» TASK BRIEF
Reproduce everything from the line that contains "上記のボタンから「くり上がり" down to the line that contains "商品名称:柒月家居2023新款乳胶床裙款凉席和夏被 床裙款-郁金香兔" in the listing below, word for word and nothing more. Leave the pictures out.
### GIVEN DATA
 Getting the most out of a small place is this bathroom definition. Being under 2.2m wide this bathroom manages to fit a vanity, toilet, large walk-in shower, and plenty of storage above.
######
### GIVEN DATA
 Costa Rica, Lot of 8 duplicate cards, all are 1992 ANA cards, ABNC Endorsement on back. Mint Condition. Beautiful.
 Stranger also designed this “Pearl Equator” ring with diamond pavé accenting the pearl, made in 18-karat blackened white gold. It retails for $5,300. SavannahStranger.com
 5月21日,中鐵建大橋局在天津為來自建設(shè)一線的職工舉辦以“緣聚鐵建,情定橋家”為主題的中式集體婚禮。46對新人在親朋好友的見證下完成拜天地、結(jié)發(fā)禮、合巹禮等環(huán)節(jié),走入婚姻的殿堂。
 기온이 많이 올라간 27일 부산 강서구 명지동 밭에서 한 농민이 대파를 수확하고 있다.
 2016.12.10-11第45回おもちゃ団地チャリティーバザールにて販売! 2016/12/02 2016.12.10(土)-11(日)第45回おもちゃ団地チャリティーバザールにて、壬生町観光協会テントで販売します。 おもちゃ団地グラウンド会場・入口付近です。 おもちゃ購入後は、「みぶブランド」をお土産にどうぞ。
######
### GIVEN DATA
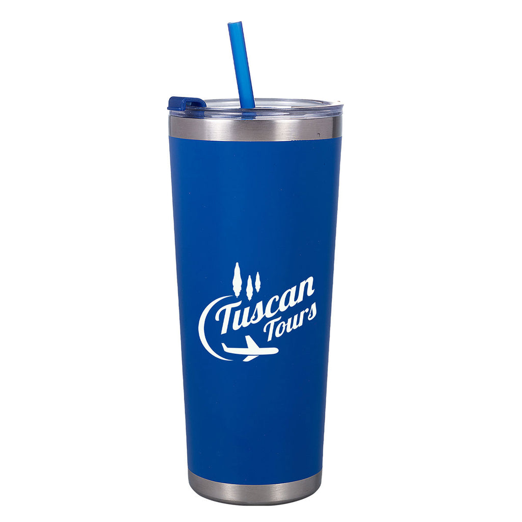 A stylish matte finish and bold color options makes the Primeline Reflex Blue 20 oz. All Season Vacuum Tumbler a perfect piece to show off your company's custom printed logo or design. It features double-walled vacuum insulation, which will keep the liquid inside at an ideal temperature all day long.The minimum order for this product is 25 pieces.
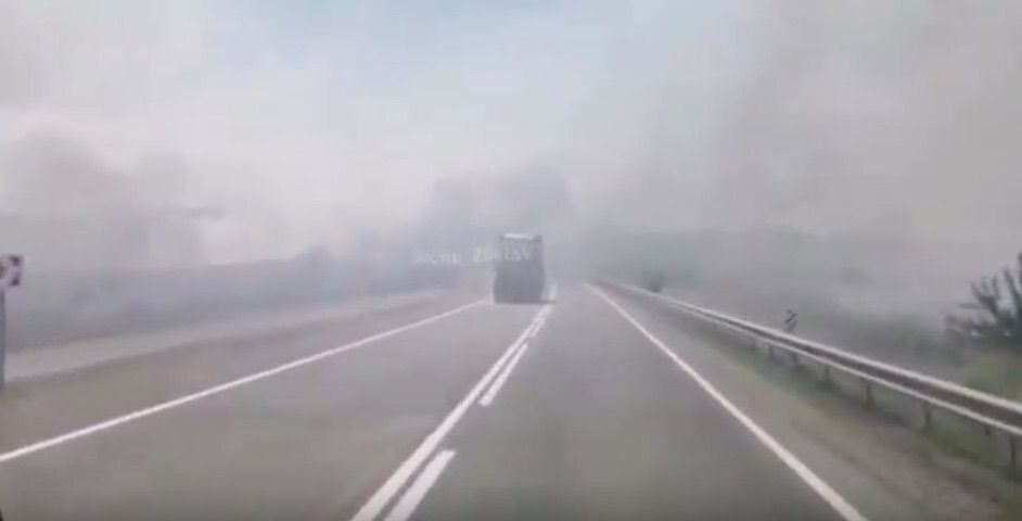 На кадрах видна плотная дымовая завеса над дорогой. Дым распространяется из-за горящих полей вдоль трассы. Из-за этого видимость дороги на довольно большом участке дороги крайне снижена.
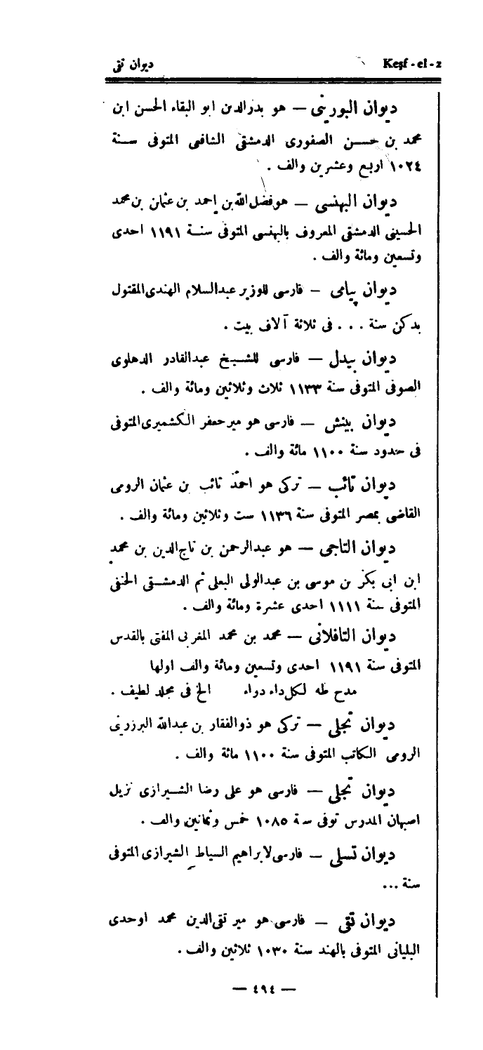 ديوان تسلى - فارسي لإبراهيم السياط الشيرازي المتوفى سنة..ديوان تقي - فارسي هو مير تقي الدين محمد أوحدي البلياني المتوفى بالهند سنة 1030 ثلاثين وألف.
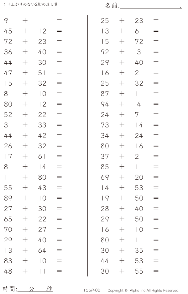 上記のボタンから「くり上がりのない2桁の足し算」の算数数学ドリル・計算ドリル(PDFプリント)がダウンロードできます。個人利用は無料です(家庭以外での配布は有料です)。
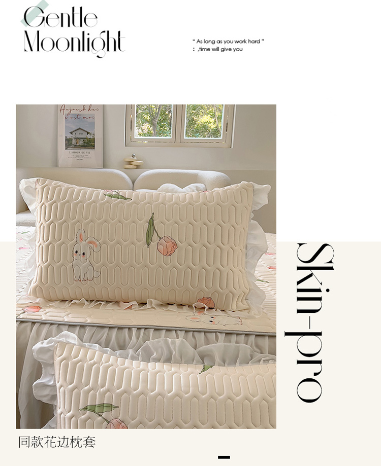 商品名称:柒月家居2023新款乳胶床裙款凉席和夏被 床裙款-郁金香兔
######
» ANSWER SECTION
 上記のボタンから「くり上がりのない2桁の足し算」の算数数学ドリル・計算ドリル(PDFプリント)がダウンロードできます。個人利用は無料です(家庭以外での配布は有料です)。
 商品名称:柒月家居2023新款乳胶床裙款凉席和夏被 床裙款-郁金香兔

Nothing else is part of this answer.